Владельцы монополии наглухо закрыли этот неприметный уголок земли и хорошо заплатили за молчание горстке матросов. А те тайно переправляли для них бальзам из Центральной Америки в Южную, далеко огибая панамский международный перекресток. В Кальяо его тайно выгружали и затем снова, но уже открыто грузили под видом богатств таинственной империи инков.

Завистливые конкистадоры лишь спустя несколько веков обнаружили обман и хотели подорвать доходную монополию контробманом, как это было сделано с бразильским каучуком. Они тайно вывезли семена и саженцы бальзамовых деревьев на Цейлон. Деревья хотя и выросли там, но сок их чрезвычайно мало походил на бальзам. И по сей день таинственные почвенные, климатические, а возможно, и какие-нибудь другие условия уберегли бальзам Сальвадора от всяческих козней, покушений и жульничеств надежнее, чем военный флот испанской короны.
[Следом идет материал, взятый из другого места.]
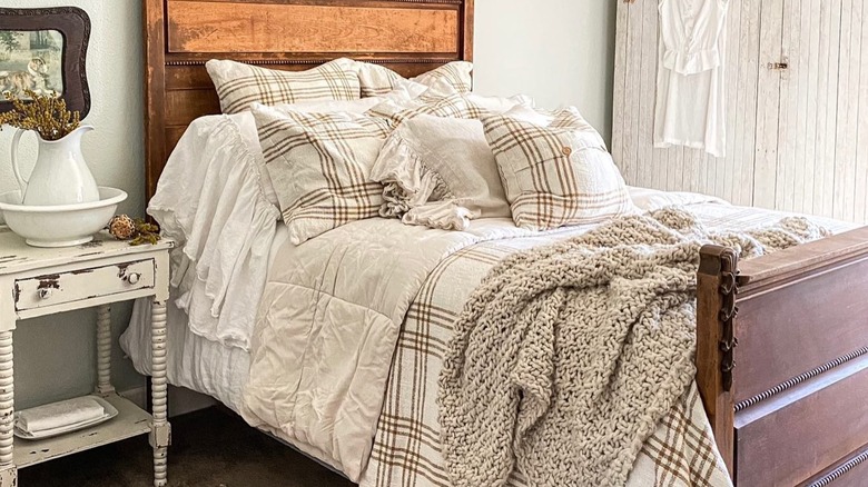 Plaid is an especially attractive pattern for more maximalist-style rooms, which often liberally mix patterns in different scales and varieties. Gingham and checkerboard plaids are often best used in cottage, vintage, or shabby-chic styles. It also suits preppy and dark academia aesthetics, where plaid is a very common element, along with rich textures like corduroy and tweed. Further, the crosshatch stripes is a stellar masculine design option if you're looking to add interest to your space. You can also blend plaids with other prints for the perfect pattern mixing that's trendy and modern.

Вероятно, потому, что настоящих бальзамовых деревьев на свете очень мало, и потому, что сведения о них были долгое время окутаны покровом тайны, у них столь богатая палитра названий. Индейцы Центральной Америки называют их «чукте», а также «паба». Древиеацтекское название их — huitziloxitl, «колибриево дерево». Названием «sernilla del obispo» — «епископские семена» — испанцы запутали историю бальзама еще больше. А когда перестало быть тайной, что дело не в семенах, а в дереве, его обозначили названием «cedro chino» — китайский кедр.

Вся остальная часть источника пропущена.